This gives thousands of people a smoother experience and gives HR far better visibility into how goal setting is working across the company.

Why HR is ready for automation right now

Jeff asks why Zapier leaned so heavily into AI for HR. Emily shares two big reasons.

HR systems have never talked to each other

HR teams operate dozens of tools. ATS platforms, HRIS systems, performance tools, learning systems, feedback platforms, spreadsheets, and siloed databases. Manually moving data between these systems creates a crushing workload.

Zapier’s entire product philosophy is about making apps talk to each other. Adding AI unlocks even more efficiency because AI steps can connect logic, interpret data, and make recommendations.

HR is in a moment where staying manual is too expensive. AI gives teams a chance to finally escape the operational drag that has slowed the function for years.

Zapier’s internal “AI fluency mandate” changed everything

Emily explains a pivotal moment in Zapier’s culture.

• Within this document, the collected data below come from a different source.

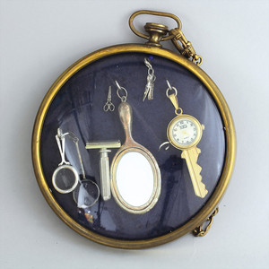 Collage, hinter gewölbten Glas arrangierte Friseurutensilien, Messingrahmen D = 12,8 cm, kann an einer Kette aufgehängt werden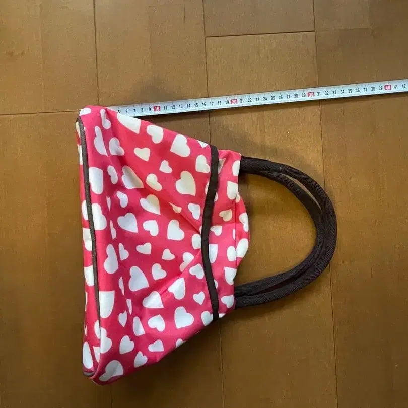 핑크와 화이트의 하트 무늬가 특징인 토트백. - 색상: 핑크와 화이트 하트 무늬 - 핸들 색상: 다크 브라운 - 디자인: 하트 무늬 토트백 - 사이즈: 사진과 같습니다. 사진이 전부입니다. 확인해 주세요. 방문해 주셔서 감사합니다.
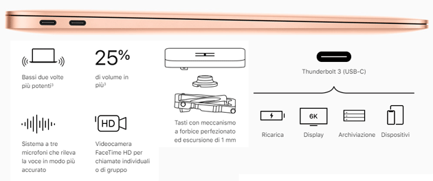 Il nuovo MacBook Air viene alimentato dal chip Apple T2 Security, la seconda generazione del processore progettato da Apple proprio per il Mac. È progettato per rendere il MacBook Air più sicuro, usando il lettore di impronte digitali Touch ID per sbloccare il Mac, accedere ad un documento protetto o pagare online grazie alla crittografia in tempo reale di tutti i dati salvati sull’unità SSD.  Ci sono anche tre microfoni in array per acquisire la voce in modo più chiaro durante le chiamate FaceTime oppure per richiamare l’attenzione dell’assistente vocale Siri dicendo “Ehi Siri” per aprire app, trovare file, ascoltare musica e avere subito una risposta alle domande. Presenti anche porte Thunderbolt 3 che supportano trasferimento dati, ricarica e uscita video su un unico connettore (suppoerta un monitor esterno fino a 6K). Gli altoparlanti sono stereo.
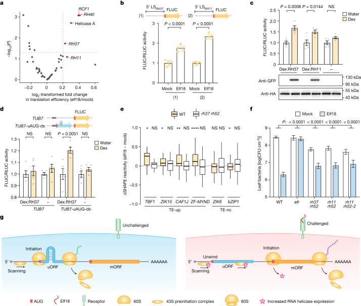 Translational reprogramming allows organisms to adapt to changing conditions. Upstream start codons (uAUGs), which are prevalently present in mRNAs, have crucial roles in regulating translation by providing alternative translation start sites1-4. However, what determines this selective initiation of translation between conditions remains unclear. Here, by integrating transcriptome-wide translational and structural analyses during pattern-triggered immunity in Arabidopsis, we found that transcripts with immune-induced translation are enriched with upstream open reading frames (uORFs). Without infection, these uORFs are selectively translated owing to hairpins immediately downstream of uAUGs, presumably by slowing and engaging the scanning preinitiation complex. Modelling using deep learning provides unbiased support for these recognizable double-stranded RNA structures downstream of uAUGs (which we term uAUG-ds) being responsible for the selective translation of uAUGs, and allows the prediction and rational design of translating uAUG-ds. We found that uAUG-ds-mediated regulation can be generalized to human cells. Moreover, uAUG-ds-mediated start-codon selection is dynamically regulated. After immune challenge in plants, induced RNA helicases that are homologous to Ded1p in yeast and DDX3X in humans resolve these structures, allowing ribosomes to bypass uAUGs to translate downstream defence proteins. This study shows that mRNA structures dynamically regulate start-codon selection. The prevalence of this RNA structural feature and the conservation of RNA helicases across kingdoms suggest that mRNA structural remodelling is a general feature of translational reprogramming.

The CEO challenged the entire company to become fluent in AI. It wasn’t optional. Everyone was expected to learn, experiment, and apply AI to their work.

The results:

• AI fluency jumped to 97 percent of employees
• The People team became experimental and hands-on
• Teams identified inefficiencies they didn’t see before
• Zapier recognized how many companies were struggling with HR complexity
• Demand began pouring in from customers asking for help

This internal mandate pushed Zapier far ahead in HR automation thinking. It also inspired the creation of the AI Automation Engineer role.

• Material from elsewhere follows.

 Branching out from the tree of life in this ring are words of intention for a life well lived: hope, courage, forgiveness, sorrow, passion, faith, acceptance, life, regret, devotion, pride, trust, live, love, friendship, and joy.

Will every HR team eventually have an AI Automation Engineer?

Jeff asks whether roles like Emily’s will become common.

Emily’s answer is yes. The title may differ, but the function is essential. HR already has people who are naturally curious, detail-oriented, and willing to experiment with tools. These early adopters often become the internal problem solvers who build spreadsheets, manage workflows, and keep processes running.

Companies that succeed with AI will be the ones that:

• Identify these internal champions
• Give them dedicated time and space to explore
• Allow them to lead automation efforts
• Support them through governance and ethical frameworks
• Build systems that earn trust, not break it

She emphasizes that automation must be designed by people who understand HR challenges. AI is powerful only when paired with deep context and responsible decision making.

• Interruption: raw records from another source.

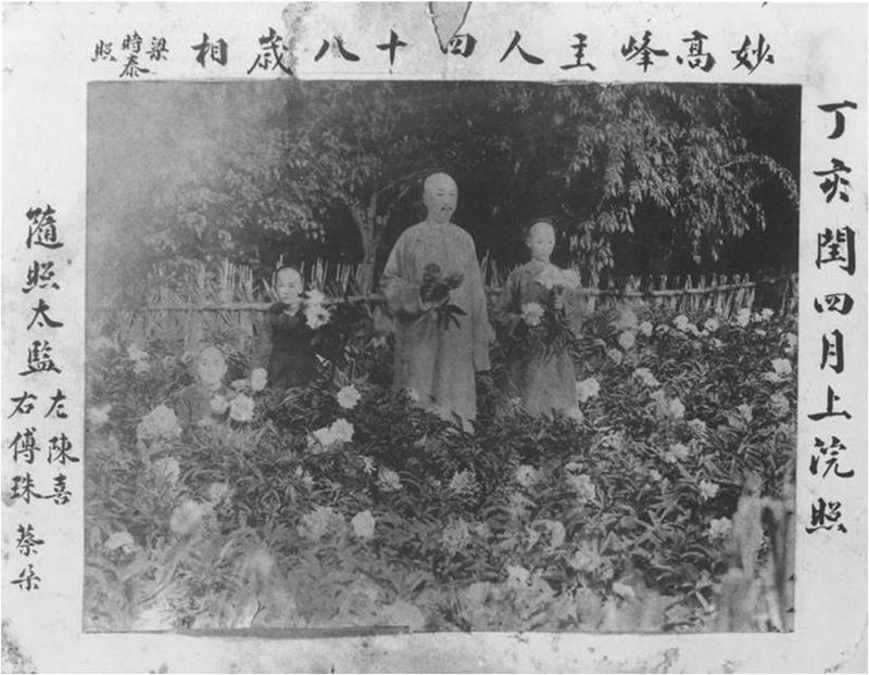 1887年,北京西山妙高峰,醇亲王奕譞48岁留影,左侧题字标注了随侍太监:左陈喜、右傅珠、蔡朵。。 这位光绪帝的生父、溥仪的祖父,在儿子登基后深恐慈禧猜忌,主动辞官隐居西山。照片里他素袍持花,与儿子、太监在芍药丛中赏花,刻意摆出一副“不问政事、寄情山水”的恬淡模样。 题字里的“妙高峰主人”“丁亥闰四月”“梁时泰照”,每一个字都藏着晚清宗室在权力漩涡里的生存智慧——用一张赏花照,向太后表尽“只想做个富贵闲人”的忠心。
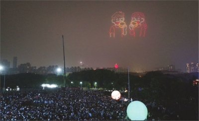 | 园博园夜晚上演“无人机吃月饼”。 通讯员徐志刚供图 |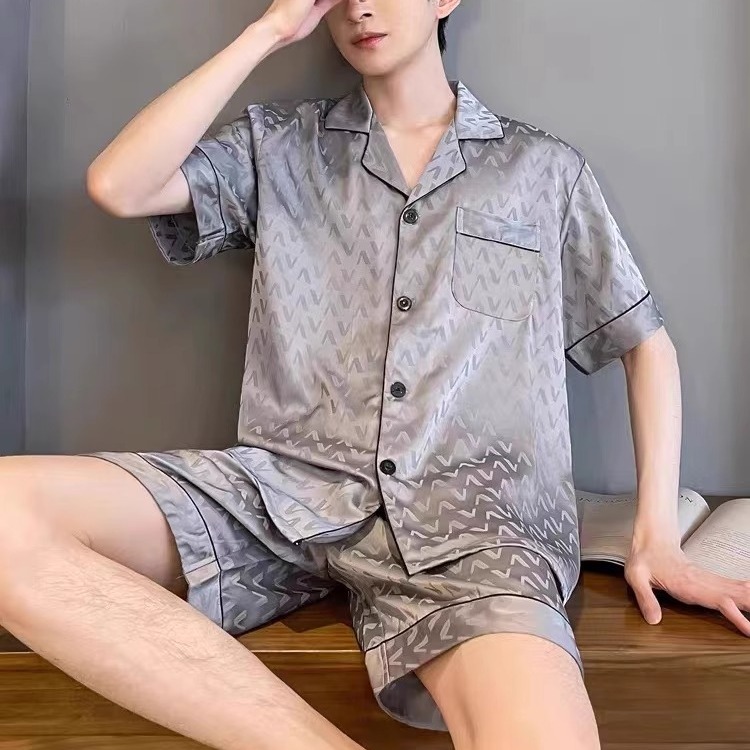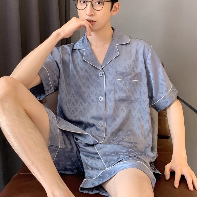 维多利亚高端男士睡衣夏2025新款薄款真丝短袖高级宽松家居服套装

The future of HR at the intersection of people, data, and automation

Emily closes with her north star for the role. AI should:

• Enhance trust
• Support human dignity
• Reduce tedious work
• Create more space for connection
• Improve the quality of work, not just the speed

The goal is not novelty. The goal is better work.
When HR uses AI in ways that make people feel supported and empowered, it raises the quality of the entire employee experience.

Final Word

AI automation is no longer theoretical for HR teams. It is already transforming onboarding, performance management, feedback collection, and goal setting. The companies that thrive in this next era of work will be the ones that invest early in internal champions, give them ownership, and use AI to augment human work.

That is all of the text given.